What you are asked to do -
Because the images are not wanted, restate every line below word for word without them.

━━━ Exercise data

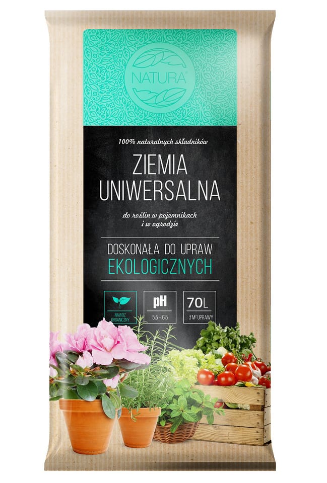 Ziemia ze średnio i silnie rozłożonego torfu wysokiego oraz Ecofibrex ( specjalnie przygotowane włókna drzewne). Zarówno torf jak i Ecofibrex są surowcemi w pełni organicznymi, czystymi, nie zawierają patogenów. Mogą być stosowane w uprawach ekologicznych. Ziemia uniwersalna „Natura”, zawiera zwiększoną dawkę ekologicznego, organicznego nawozu pochodzenia roślinnego w dawce startowej. Ilość ta pozwala na przyjęcie się rośliny w podłożu i wystarcza, w zależności od jej wymagań pokarmowych na okres od 2 do 4 tygodni.
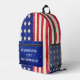 Personalised American flag backpack with glitter name - 17" durable school/travel bag for patriotic kids & teens.
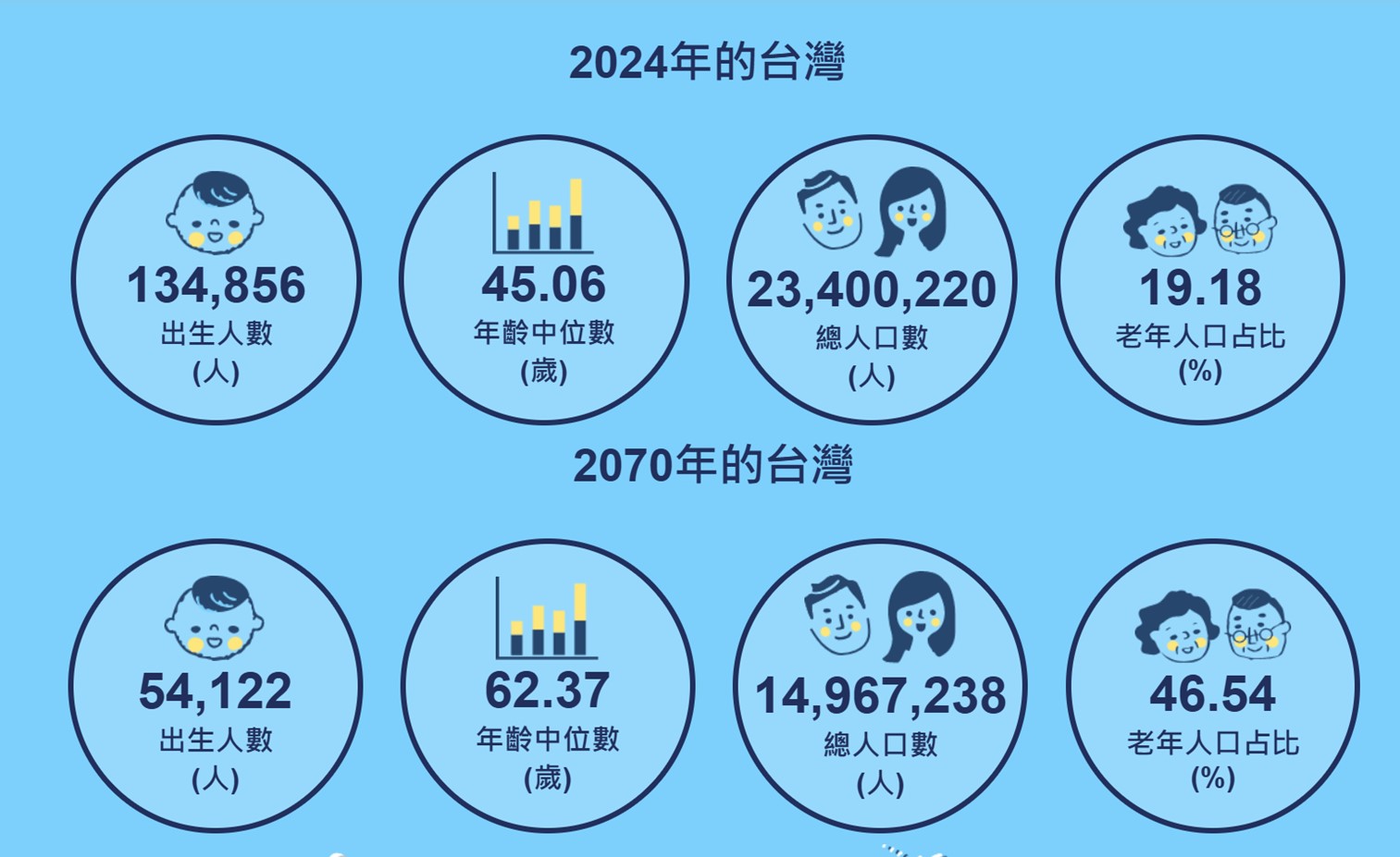 根據國發會公布「中華民國人口推估(2024年至2070年)」,台灣將於2025年正式進入超高齡社會,2030年總人口開始低於2300萬人、年齡中位數為48.7歲;到了2070年,台灣總人口數將降至低於1500萬、年齡中位數為62.37歲,65歲以上老年人口占比為46.54%。由於少子化、高齡化、人口減少三大不可逆趨勢,將台灣經濟、產業、政府財政收入與社福醫療支出出現重大挑戰,以台灣內需為主的企業與商家也必須提早因應,化危機為轉機!
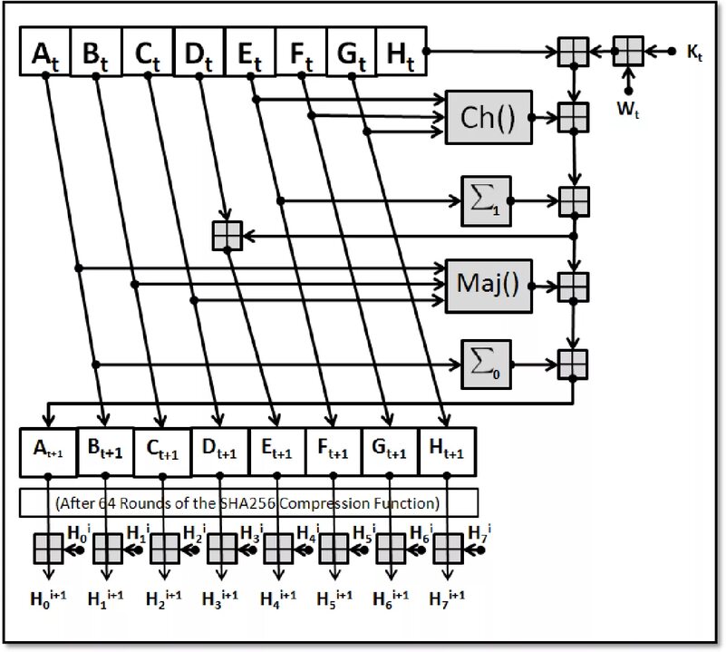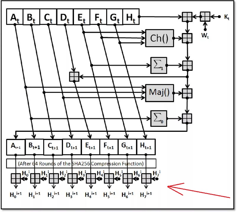 Я читал первую ссылку. Там объясняют математическим языком. Вопрос в последних 8 блоках. Я не могу понять что они делают. Там пишут что надо суммировать по модулю 2 раунды 63 и 64. Но я смотрел в поисковике, там пишут что раунды вообще не суммируются. ИИ тоже пишет что раунды в SHA-256 вообще не суммируются. В этом и весь вопрос.

━━━━━━

Task answer -
 Ziemia ze średnio i silnie rozłożonego torfu wysokiego oraz Ecofibrex ( specjalnie przygotowane włókna drzewne). Zarówno torf jak i Ecofibrex są surowcemi w pełni organicznymi, czystymi, nie zawierają patogenów. Mogą być stosowane w uprawach ekologicznych. Ziemia uniwersalna „Natura”, zawiera zwiększoną dawkę ekologicznego, organicznego nawozu pochodzenia roślinnego w dawce startowej. Ilość ta pozwala na przyjęcie się rośliny w podłożu i wystarcza, w zależności od jej wymagań pokarmowych na okres od 2 do 4 tygodni.
 Personalised American flag backpack with glitter name - 17" durable school/travel bag for patriotic kids & teens.
 根據國發會公布「中華民國人口推估(2024年至2070年)」,台灣將於2025年正式進入超高齡社會,2030年總人口開始低於2300萬人、年齡中位數為48.7歲;到了2070年,台灣總人口數將降至低於1500萬、年齡中位數為62.37歲,65歲以上老年人口占比為46.54%。由於少子化、高齡化、人口減少三大不可逆趨勢,將台灣經濟、產業、政府財政收入與社福醫療支出出現重大挑戰,以台灣內需為主的企業與商家也必須提早因應,化危機為轉機!
 Я читал первую ссылку. Там объясняют математическим языком. Вопрос в последних 8 блоках. Я не могу понять что они делают. Там пишут что надо суммировать по модулю 2 раунды 63 и 64. Но я смотрел в поисковике, там пишут что раунды вообще не суммируются. ИИ тоже пишет что раунды в SHA-256 вообще не суммируются. В этом и весь вопрос.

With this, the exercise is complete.